Описывать подробно дорогу я не стану. Поезда двадцатого столетия променяли романтику на комфорт. С точностью хороших часов пролетали мимо города и страны, пролетали и уходили в прошлое, во вчера.
Холмс, верный своему правилу не ставить телегу впереди лошади, не строил предположений, не имея фактов по делу, а отдыхал – спал, с аппетитом ел, опять спал, а бодрствуя, отказывался от газет, предпочитая оттачивать дедуктивные способности на незнакомцах, гуляющих на остановках по перрону. Я скучал – газеты были одни и те же, мы везли их с собой, а континентальные, особенно после того, как нас миновала Франция, вернее, мы ее миновали, прочесть мог разве полиглот. Поэтому я немного писал, а в оставшееся время пытался подражать Холмсу.

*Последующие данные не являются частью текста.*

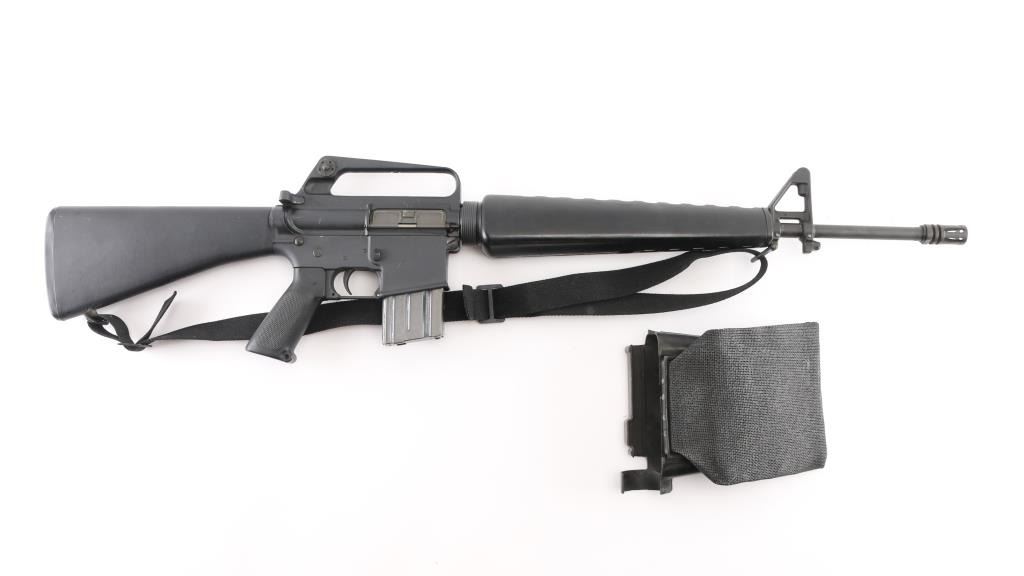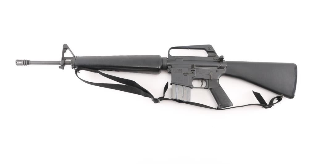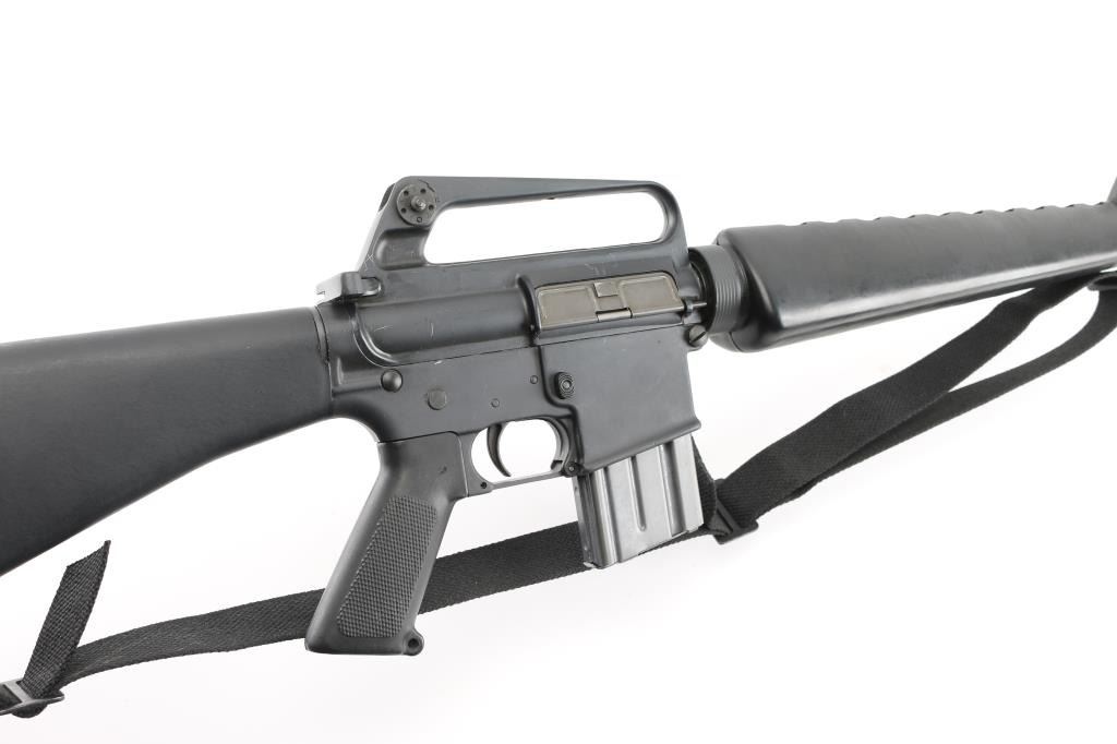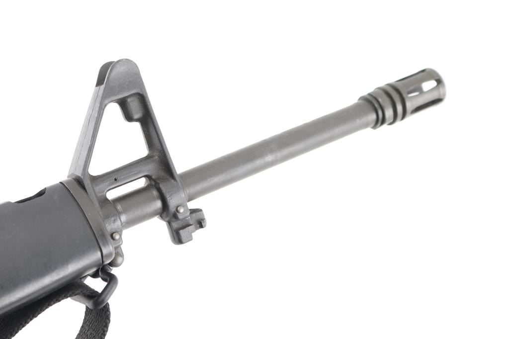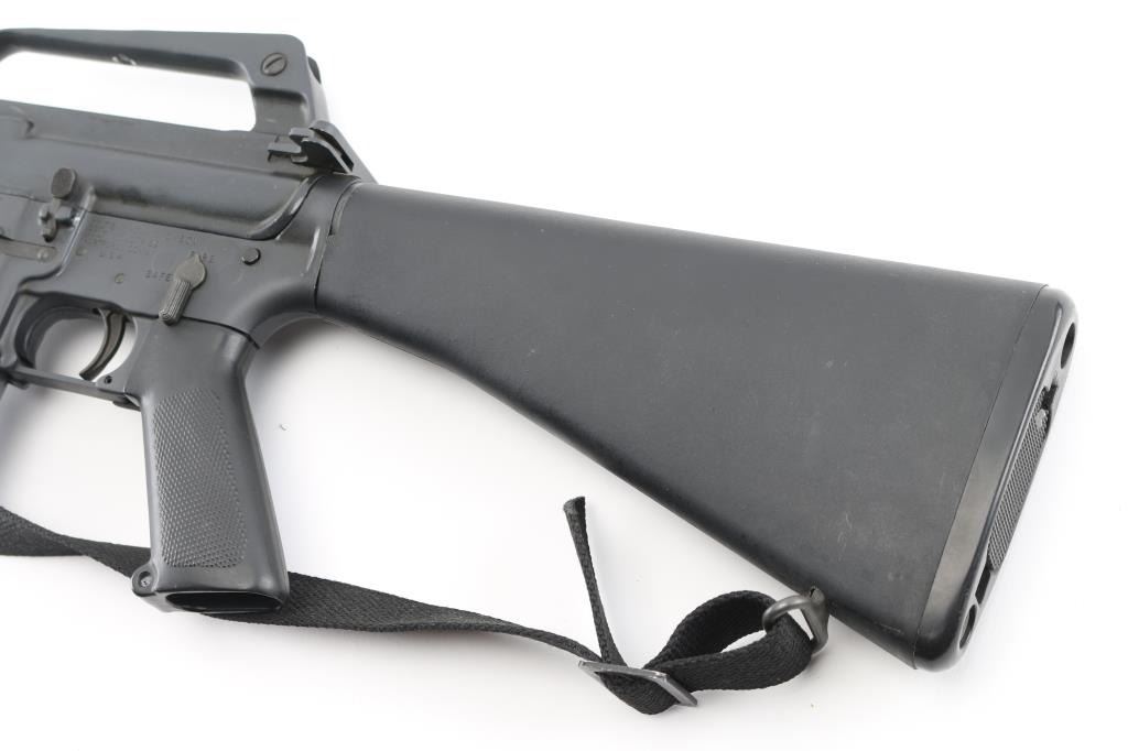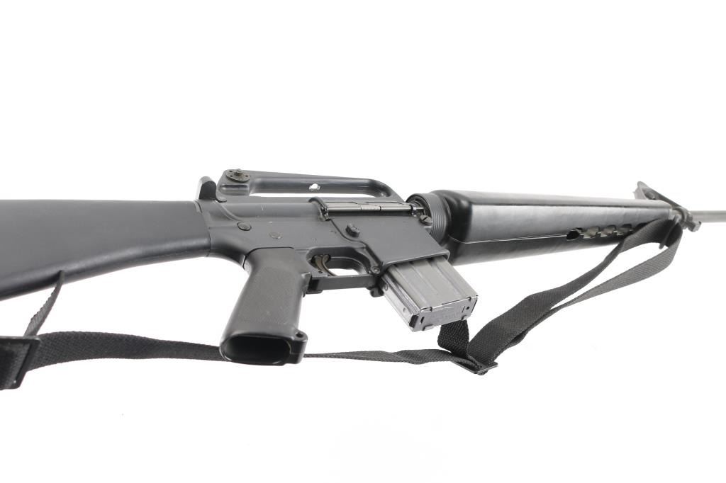 'R6000' Semiautomatic rifle manufactured circa 1979. Features parkerized finish, black plastic furniture, early A1 length fixed stock without butt storage compartment, triangular cross section hand guards, 20" lightweight barrel, 6 flute bird cage flash suppressor, bayonet lug, adjustable sights (front post sight with protector ears, rear L-flip peep), early "slick side" A1 type upper receiver without forward assist, spring loaded ejection port cover, early style lower receiver without fence around magazine release, dual screw style front take down pin, manual safety, sling swivels. Barrel appears earlier 1-12 twist, hard chrome lined, marked "C MP CHROME BORE". Bore is excellent condition. Overall external appearance is near excellent, retaining approx. 95% finish with few light scuffs, some minor edge losses. Polymer is excellent. Close to new appearance with very little rubbing wear on bolt carrier. Includes black nylon web sling, manual, (1) very good condition Colt 20 rd magazine with aluminum follower, clip-on brass catcher. Condition is near NRA Excellent *** Modern Firearm ***
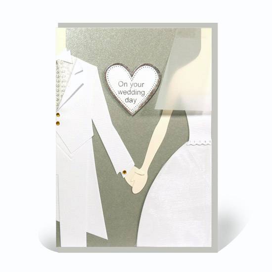 The wedding card bestows a simple yet warming design. It features a handmade couple paper-cut which enhances its uniqueness. Just send your greeting to your friend and beloved one's wedding with this distinctive card.
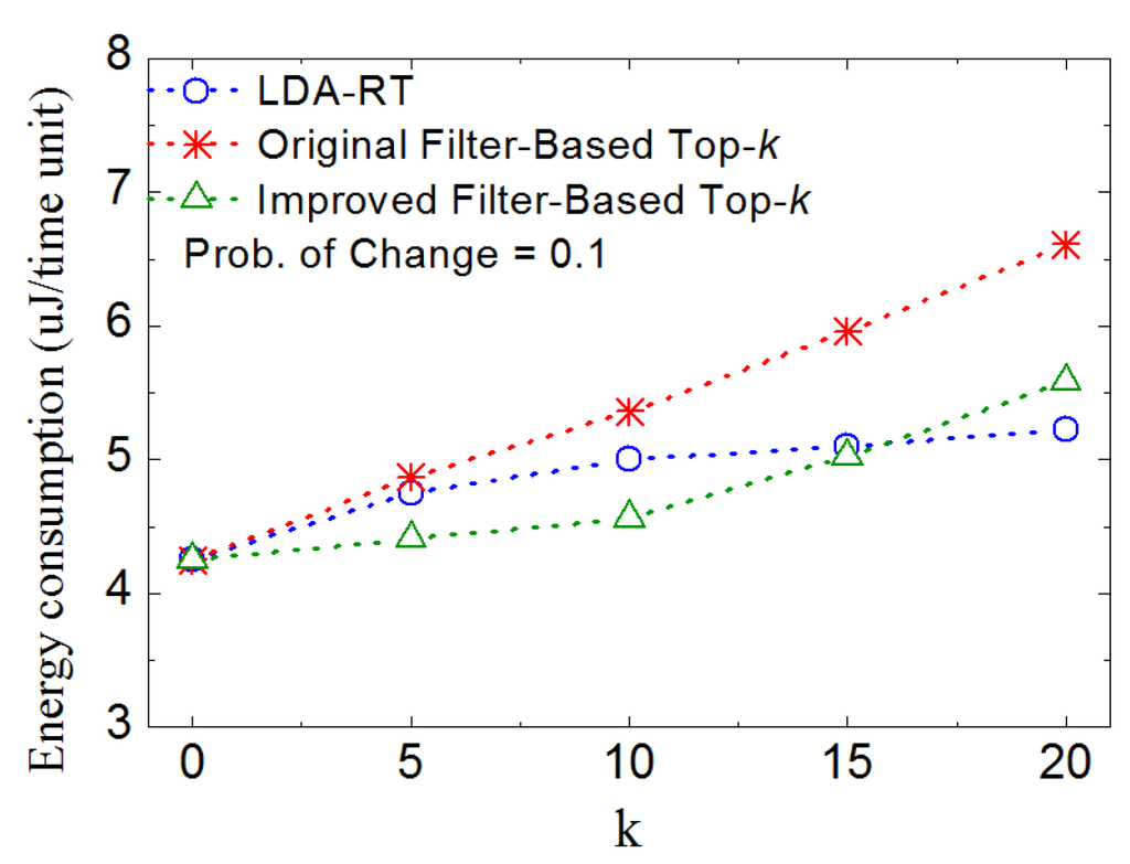Figure 12a shows the simulation results for energy consumption. It is reasonable that average energy consumption of the proposed LDA-RT approach is constant, because energy consumption is not related to the change of reading values in LDA-RT. To the contrary, the energy consumption of filter-based top- query approach increases as the number of nodes with changed values increases. This can be explained by the fact that increasing the number of changed values causes more frequently updating of windows. This procedure requires more energy on the shortest path tree. In our simulations, when there are four or less changed values, the average energy consumption of filter-based method is improved. However, when five or more values changed in a period, the LDA-RT approach outperformed the filter-based method. The detailed data also indicated that most of energy is consumed during sleeping time rather than by data transmission of. So, if the energy needed to transmit data increases, the curve of filter-based method will increase at a greater rate. It means filter-based method will perform even better than LDA-RT with fewer changes and worse as the number of changed values increases.

Наш Вергилий, Константин Фадеев, рассказывал о работодателе. Мы действительно направлялись в самые высокие сферы русской аристократии. Итак, «дядя» – принц Ольдбургский Петр усердно занимается свекловодством и сахароварением в поместье матери, Евгении Максимиллиановны, великой княгини, племянницы Александра Первого, принцессы по мужу. Муж ее, отец нашего клиента, принц Александр Ольдбургский – любитель и покровитель наук, известен в ученом мире как археолог, химик и оптик. Жена «дяди», принцесса Ольга – сестра ныне царствующего императора Николая Второго. Имение Рамонь – это семь тысяч десятин пахоты, около пятнадцати тысяч акров; лес, замок, сахарный завод, кондитерская фабрика. Ольдбургские-старшие живут в замке, Ольдбургские-младшие – неподалеку в имении Ольгино. Разумеется, помимо Рамони семья владеет огромными угодьями, дворцами, и многим, многим и многим во всех уголках громадной России.

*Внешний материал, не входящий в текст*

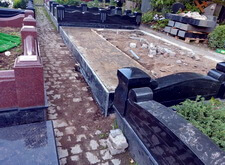 После того, как работа была проведена, клиент посчитал, что в задней части места захоронения требуется дополнительное укрепление. Мы вкрутили пять дополнительных свай, сварили новую сетку и залили ещё одну площадку, которая будет являться основанием для памятников.
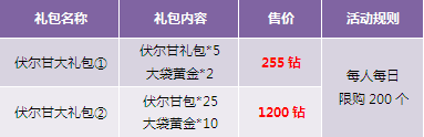 【活动内容】活动期间,伏尔甘礼包搭配大袋黄金特价出售,小伙伴们再也不用为神铸黄金不够发愁啦,赶快行动吧!
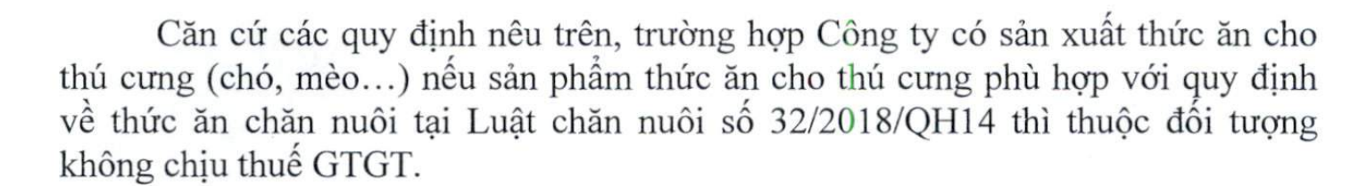 Như vậy, trường hợp Công ty có sản xuất thức ăn cho thú cưng (chó, mèo…) nếu sản phẩm thức ăn cho thú cưng phù hợp với quy định về thức ăn chăn nuôi tại Luật chăn nuôi số 32/2018/QH14 thì thuộc đối tượng không chịu thuế GTGT.
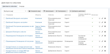 Все действия по событиям, настроенные в системе, отображаются в списке действий по событиям.
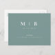 Teal Simple & Sleek Monogram Teal Save the Date Announcement Postcard
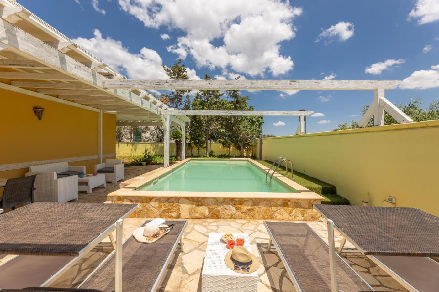 Villa con 3 Camere da Letto. The private pool is the special feature of this villa. The air-conditioned villa features 3 bedrooms, 2 bathrooms and a kitchen. The villas kitchen is available for cooking and storing food. This villa offers a washing machine, a flat-screen TV and garden views. The unit offers 6 beds.
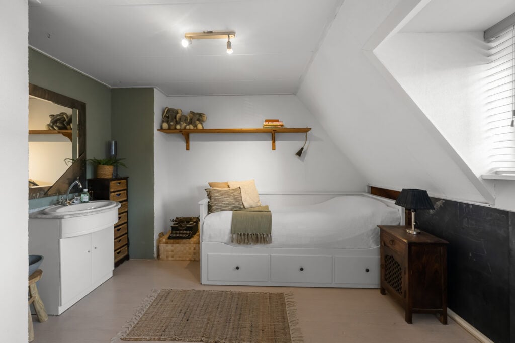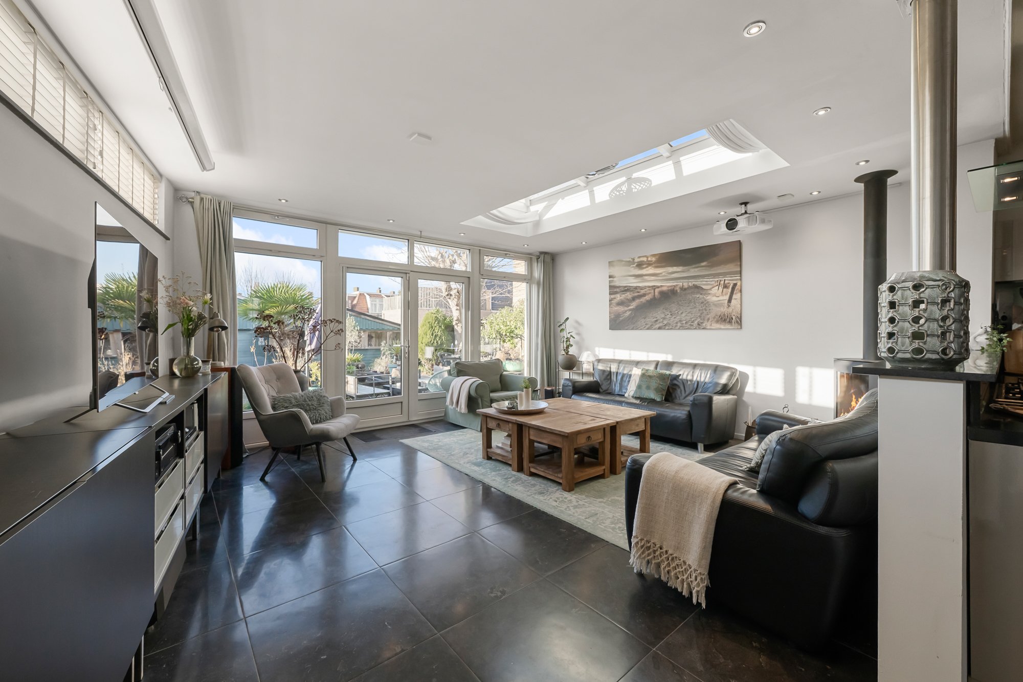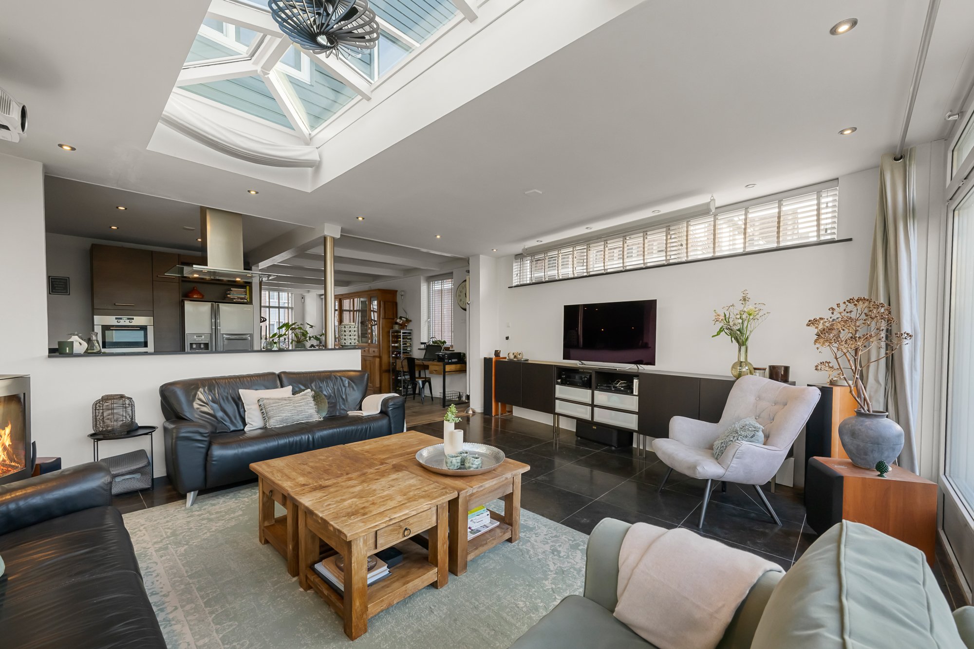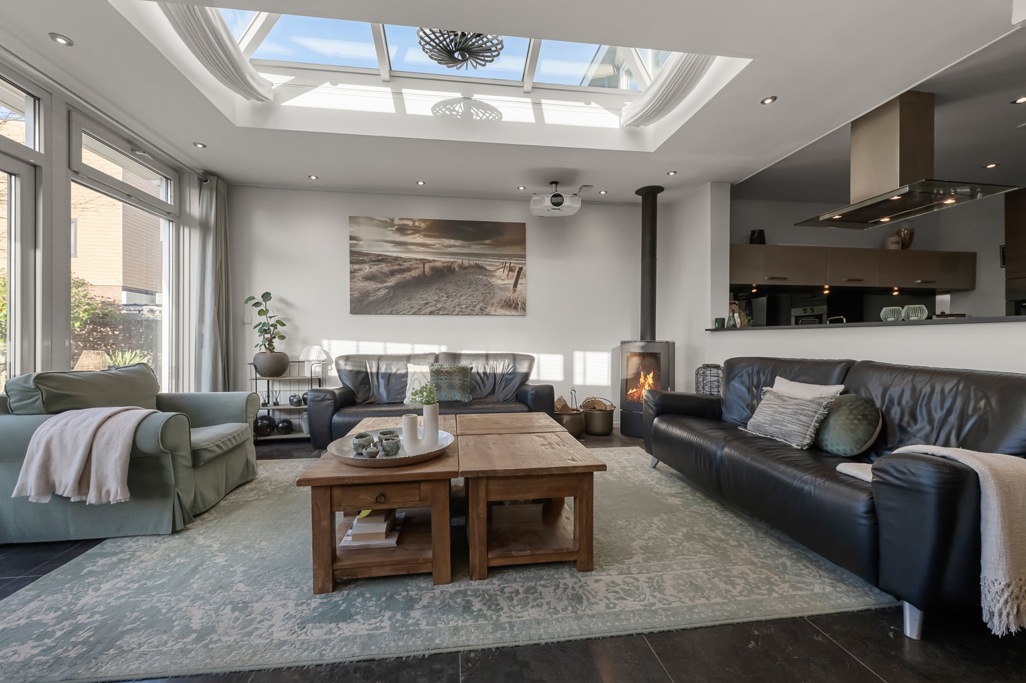 De leefruimtes zijn royaal en licht, met volop mogelijkheden om meerdere zit- en leefhoeken te creëren. Verwarming en sfeer komen van de aanwezige houtkachel, die het huis in de koudere maanden een warme, huiselijke uitstraling geeft.

На Холмса перечисление титулов, земель и богатств впечатления не произвело – до отъезда он внимательно просмотрел Готтский Альманах.
Тогда Константин перенес внимание на меня: несколько раз он робко намекал на то, что ощущает непреодолимую тягу к сочинительству, пробует себя в литературе, не мог бы я дать какой-нибудь совет начинающему автору. Я не люблю давать советы, даже медицинские, и отговорился тем, что русская литература мне, как иностранцу, недоступна. Пусть Константин обратится к своим великим соотечественникам.

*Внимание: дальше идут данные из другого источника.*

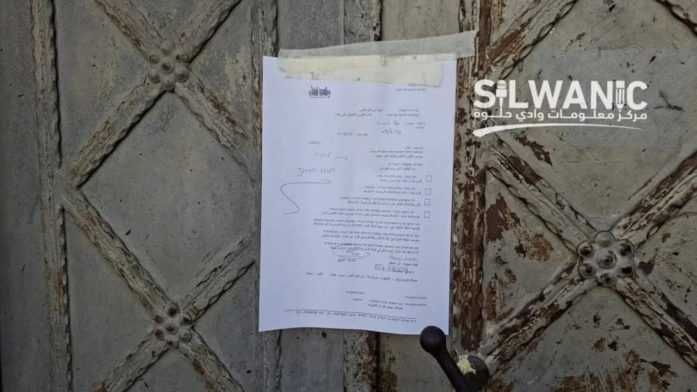 وأفاد مركز معلومات وادي حلوة بالقدس بأن طواقم بلدية الاحتلال برفقة عناصر من الشرطة اقتحمت البلدة، وعلّقت أمر هدم على أحد أبواب المنازل.
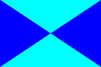 3. English Wikipedia displays a flag in the same colours (quartered per saltire light blue, blue, light blue, blue). However this flag does not carry these devices.
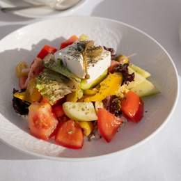 Салат из свежих овощей с добавлениям сыра фета, заправляется с соусом дзадзыки и украшается прованскими травами

– Великие умерли, – вздохнул студент, но более мне не докучал.
На четвертые сутки мы добрались до места. Почти добрались. На небольшой станции мы покинули экспресс.
– До имения десять миль. – Константин огляделся. К нам спешили двое. – Это за нами.
Встречающие подхватили наш багаж.
– Как же мы будем добираться? – От долгой езды мне казалось, что все вокруг так и норовит сорваться с места – вокзальчик, деревья, сомнительное строение, пахнущее лизолом.
Холмс поддержал меня за локоть.
– Кружится голова?
– Спасибо, Холмс. Проходит.
Мы шли вслед Константину.
– Надеюсь, идти не десять миль?
– Что вы. Уже пришли. – Он подвел нас к небольшому составу, паровозик и вагон. – Дядя построил ветку до Рамони.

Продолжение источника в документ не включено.